Sourcegraph can be configured to enforce repository permissions from code hosts. The currently supported methods are:
- GitHub / GitHub Enterprise
- GitLab
- Bitbucket Server / Bitbucket Data Center
- Unified SSO
- Explicit permissions API
For most supported repository permissions enforcement methods, Sourcegraph syncs permissions in the background.
If the Sourcegraph instance is configured to sync repositories from multiple code hosts, setting up permissions for each code host will make repository permissions apply holistically on Sourcegraph, so long as users log in from each code host - learn more.
NOTE: Site admin users bypass all permission checks and have access to every repository on Sourcegraph.
WARNING: It can take some time to complete backgroung mirroring of repository permissions from a code host.
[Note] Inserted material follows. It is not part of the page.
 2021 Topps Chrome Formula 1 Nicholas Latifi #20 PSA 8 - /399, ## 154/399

Learn more.
NOTE: If your desired code host is not yet supported, please open a feature request.
Prerequisite: Add GitHub as an authentication provider.
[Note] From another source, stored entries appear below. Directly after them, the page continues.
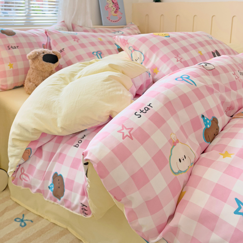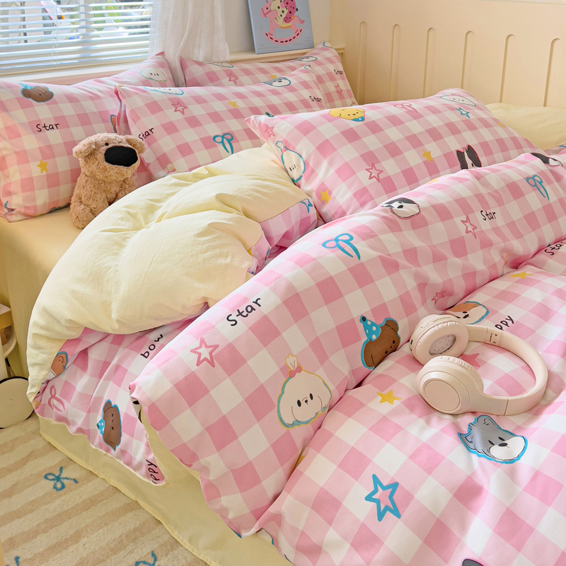 商品名称:港岛妹妹 2025新款单被套 粉格小狗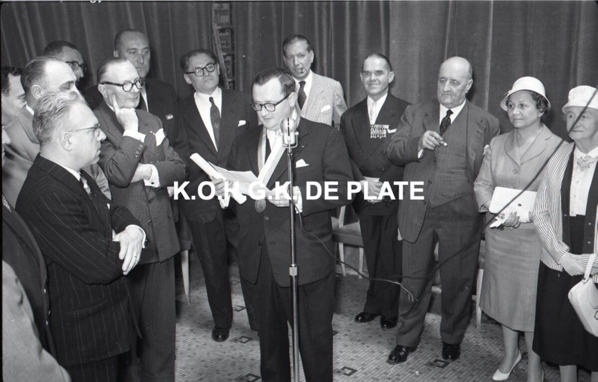 Negatief : 6 x 9 cm. - Middaguur. De receptie voor de stadsnotabelen, de klanten en de leveranciers van de firma. Jacques Bonnevie, afgevaardigde-beheerder van de firma, heeft het woord. We herkennen van rechts naar links, Bertha Tratsaert, gemeenteraadslid, mevrouw Van Glabbeke, de heer Fernand Bonnevie, beheerder en burgemeester Adolf Van Glabbeke.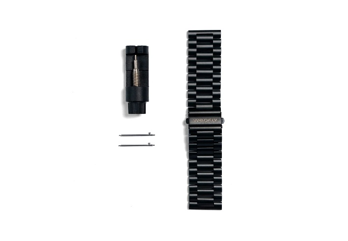 سوار ساعة أسود اللون، معدني.

Then, add or edit a GitHub connection and include the authorization
field:
{
// The GitHub URL used to set up the GitHub authentication provider must match this URL.
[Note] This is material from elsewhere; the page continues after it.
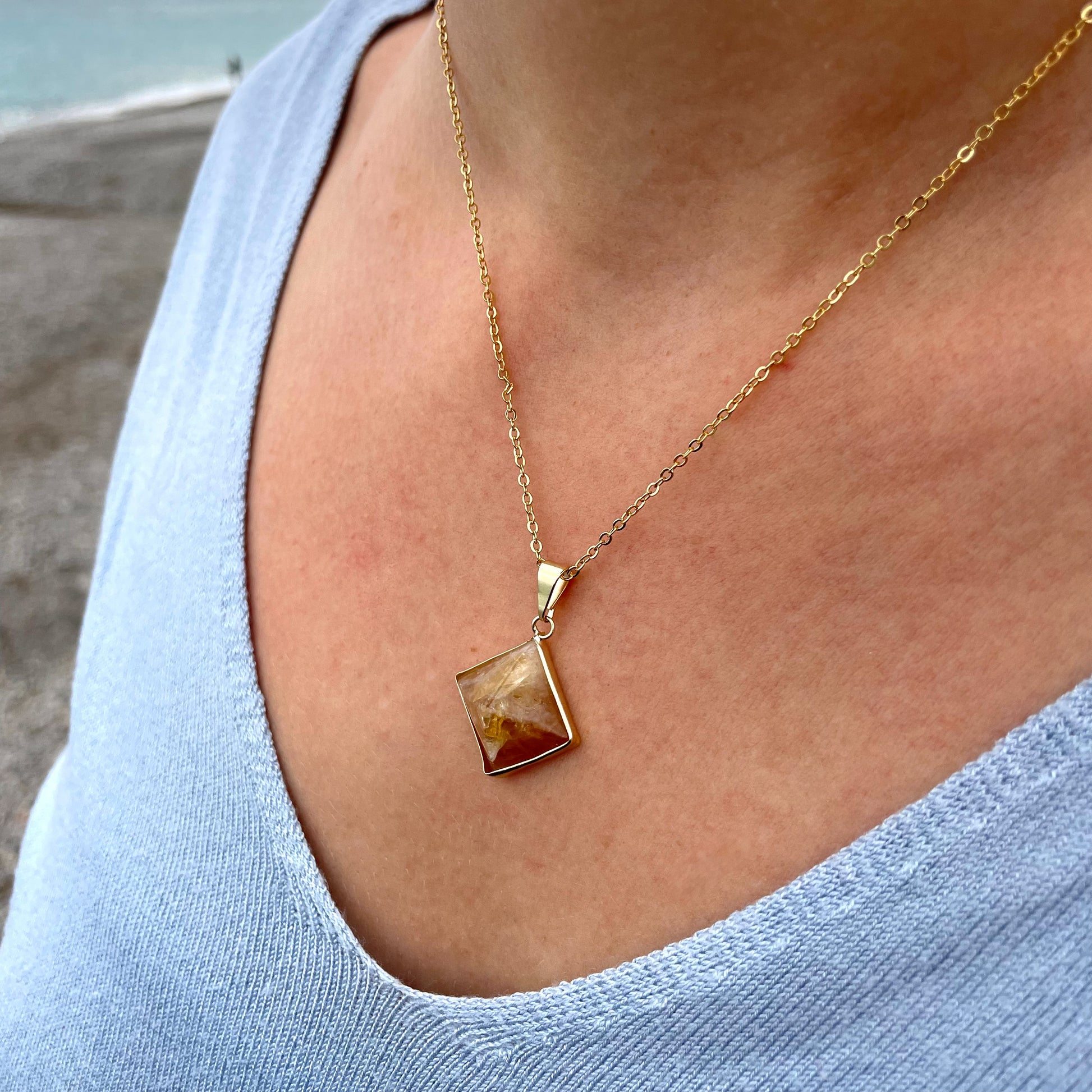 Ce pendentif en Citrine naturelle symbolise le succès et la bonne humeur. Il apporte du bonheur à la personne qui le possède. Pierre du soleil, la Citrine rayonne, vivifie l'esprit et renforce la créativité.

"url": "https://github.com",
"token": "$PERSONAL_ACCESS_TOKEN",
"authorization": {}
}
A token that has the prerequisite scopes and both read and write access to all relevant repositories is required in order to list collaborators for each repository to perform a complete sync.
NOTE: Both read and write access to the associated repos for permissions syncing are strongly suggested due to GitHub's token scope requirements. Without write permissions, sync will rely only on user-centric sync and continue working as expected, though Sourcegraph may have out-of-date permissions more frequently.
WARNING: It can take some time to complete backgroung mirroring of repository permissions from a code host. Learn more.
Sourcegraph 3.22+
Sourcegraph can improve how up to date synchronized permissions stay by initiating syncs when receiving webhooks from GitHub for events related to user and repo permissions - learn more about webhooks and permissions sync.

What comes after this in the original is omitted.